■ INSTRUCTIONS FOR THE TASK:
Starting at the top of the entries below, write out each line up to and including the one containing "В завершении насыщенной". Leave the pictures out.

GIVEN INFORMATION START

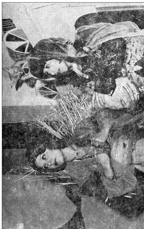
وڻهڻي ديمهڻيڪي شانوگرهه
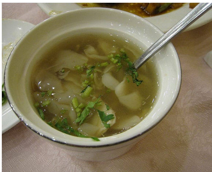
酸辣乌蛋汤

乌鱼蛋为日照市独有的海珍品，历史悠久，驰名中外，相传为封建帝王御膳佳品。酸辣乌蛋汤用鲜乌鱼片、特制醋、清汤制成，不仅口味上感觉酸辣鲜美，而且还具有开胃的功效。
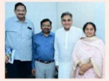
మహిళలకు సిడాప్ ఉపాధి
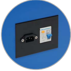
Suministro eléctrico con protección DDR
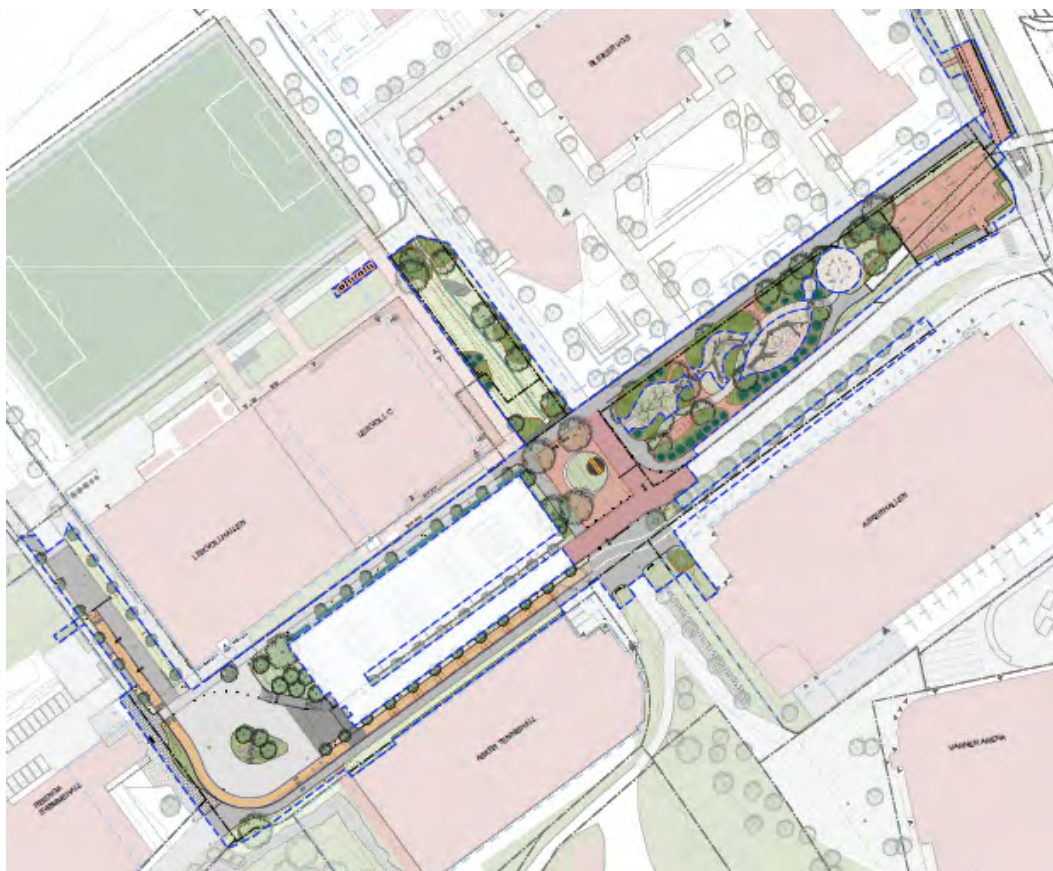
Figur 1: Omfang av prosjektet. Avgrensninger er vist med blå stiplet linje.

Omfanget av prosjektet er vist i skissen nedenfor:
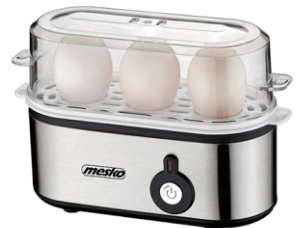
Egg Boiler MS 4485
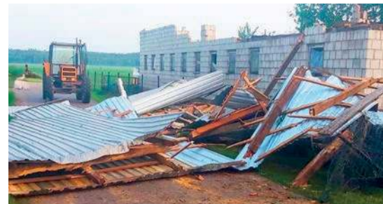
Zerwany dach przewrócił się na 72-letnią kobietę, która w czasie burzy wyszła na swoją posesję. Jej życia nie udało się uratować.

Zgłoszenie o incydencie wpłynęło do makowskiej strażnicy PSP o godzinie 18.24. Na miejsce wysłano dwa zastępy PSP i cztery zastępy OSP. W sumie do akcji ruszyło 26 strażaków.
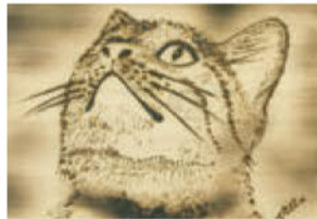
Art&Craft 夢家族 (パーニング) はなちゃん:虫が居る

会場: 東横イン元麻布ギャラリー平塚 (平塚市明石町1-1 東横イン平塚駅北口1/1F)
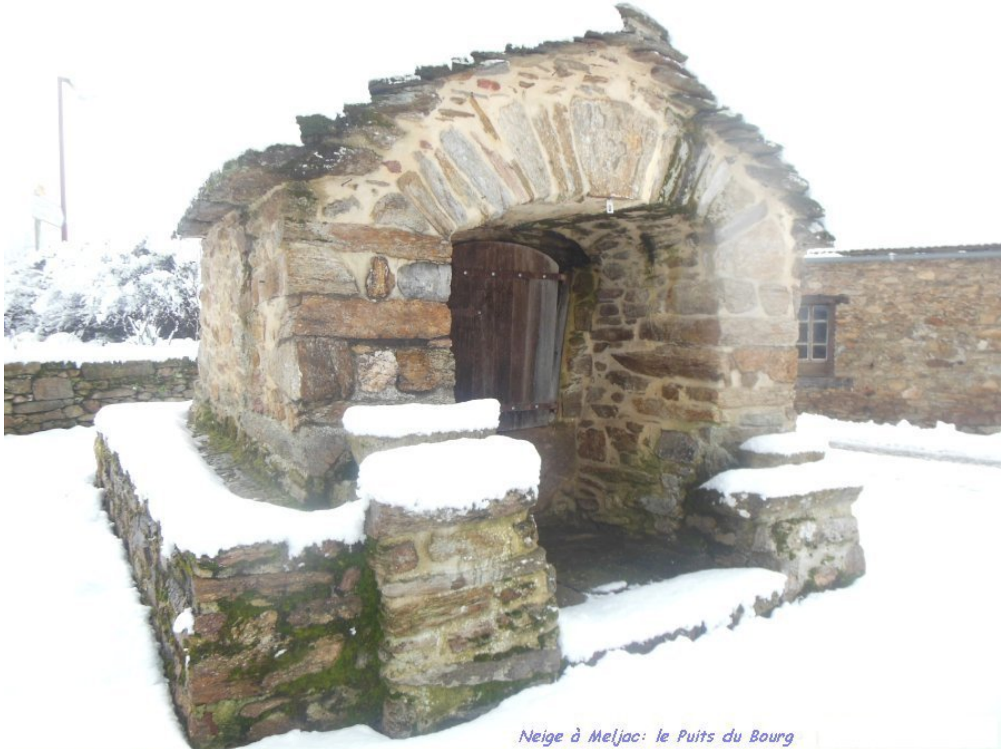
Neige à Meljac: le Puits du Bourg

Voir dans PHOTOS 2019 la galerie "MELJAC EN NEIGE" du lundi 28 janvier 2019
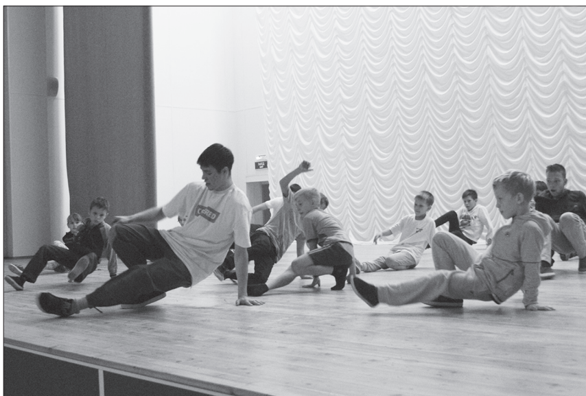
В завершении насыщенной арт-программы показательное выступление брейкинга.
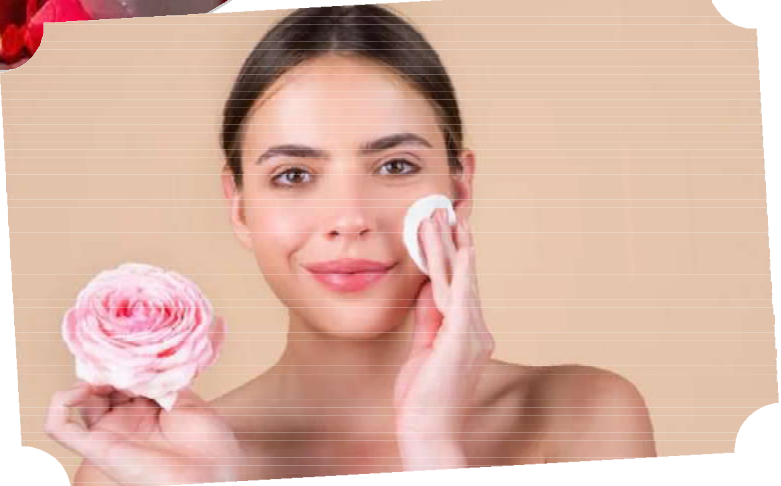
రక్షిస్తాయి. అలాగే ఇన్ఫెక్షన్ తొందరగా తగ్గిస్తాయి. అందుకే రోజ్ వాటర్ ను తరచుగా వివిధ సహజ, ఔషధ చికిత్సలలో
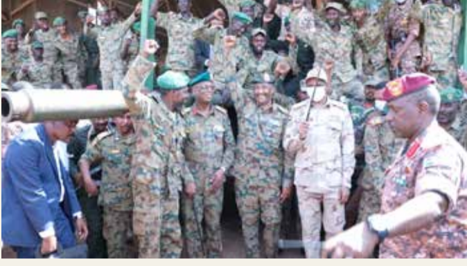
من مقر الانقلاب الفاشل.. البرهان "ستحمي وحدة السودان"

انقلاب، بل وعمدت إلى تسجيل أشرطة لإعلان البيان الأول قبل أن يتم كشف مخططاتها. وفي الأشهر الماضية اعتقلت السلطات السودانية العشرات من أنصار نظام البشير وعملت على تطهير مؤسسات الدولة من مسؤولين محسوبين على النظام السابق.
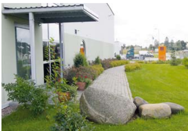
Ettevõtete kategooria võitja Zoovetvaru territoorium.
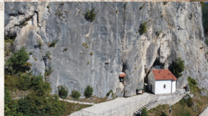
Хаџи-Проданова пећина / Hadži-Prodanova's cave 📍 Рашчићи / Raščići

Information: tel: +381 32 665 085, 650 290, e-mail: office@ivatourism.org
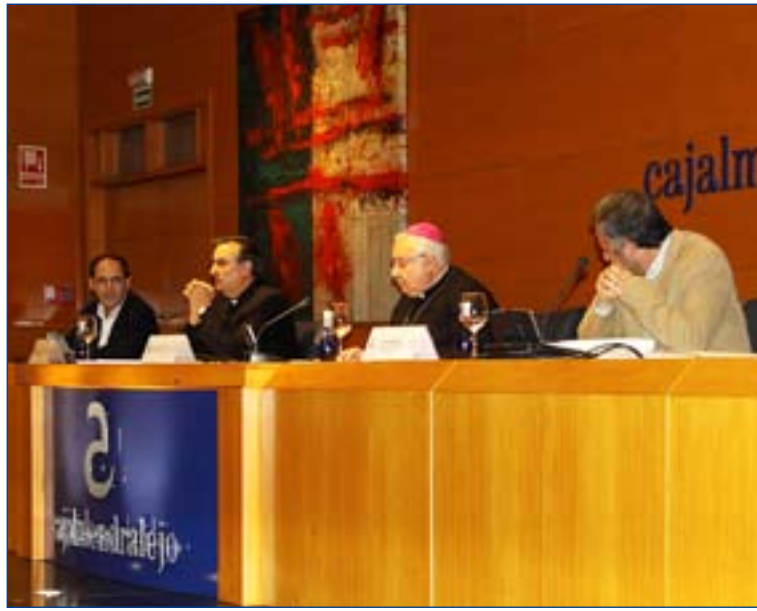
El encuentro fue presidido por Monseñor García Aracil.

cesidades de nuestra comunidad parroquial". Algunos sacerdotes pidieron también mayor implicación de los laicos en la tarea de financiar a sus comunidades, "que no sea sólo el cura el que pida" y que se haga un estudio a nivel diocesano sobre las ermitas, templos, casas rectorales etc. para ver las necesidades y dar prioridades en las actuaciones sobre el patrimonio.

GIVEN INFORMATION END

■ REPLY:
وڻهڻي ديمهڻيڪي شانوگرهه
酸辣乌蛋汤

乌鱼蛋为日照市独有的海珍品，历史悠久，驰名中外，相传为封建帝王御膳佳品。酸辣乌蛋汤用鲜乌鱼片、特制醋、清汤制成，不仅口味上感觉酸辣鲜美，而且还具有开胃的功效。
మహిళలకు సిడాప్ ఉపాధి
Suministro eléctrico con protección DDR
Figur 1: Omfang av prosjektet. Avgrensninger er vist med blå stiplet linje.

Omfanget av prosjektet er vist i skissen nedenfor:
Egg Boiler MS 4485
Zerwany dach przewrócił się na 72-letnią kobietę, która w czasie burzy wyszła na swoją posesję. Jej życia nie udało się uratować.

Zgłoszenie o incydencie wpłynęło do makowskiej strażnicy PSP o godzinie 18.24. Na miejsce wysłano dwa zastępy PSP i cztery zastępy OSP. W sumie do akcji ruszyło 26 strażaków.
Art&Craft 夢家族 (パーニング) はなちゃん:虫が居る

会場: 東横イン元麻布ギャラリー平塚 (平塚市明石町1-1 東横イン平塚駅北口1/1F)
Neige à Meljac: le Puits du Bourg

Voir dans PHOTOS 2019 la galerie "MELJAC EN NEIGE" du lundi 28 janvier 2019
В завершении насыщенной арт-программы показательное выступление брейкинга.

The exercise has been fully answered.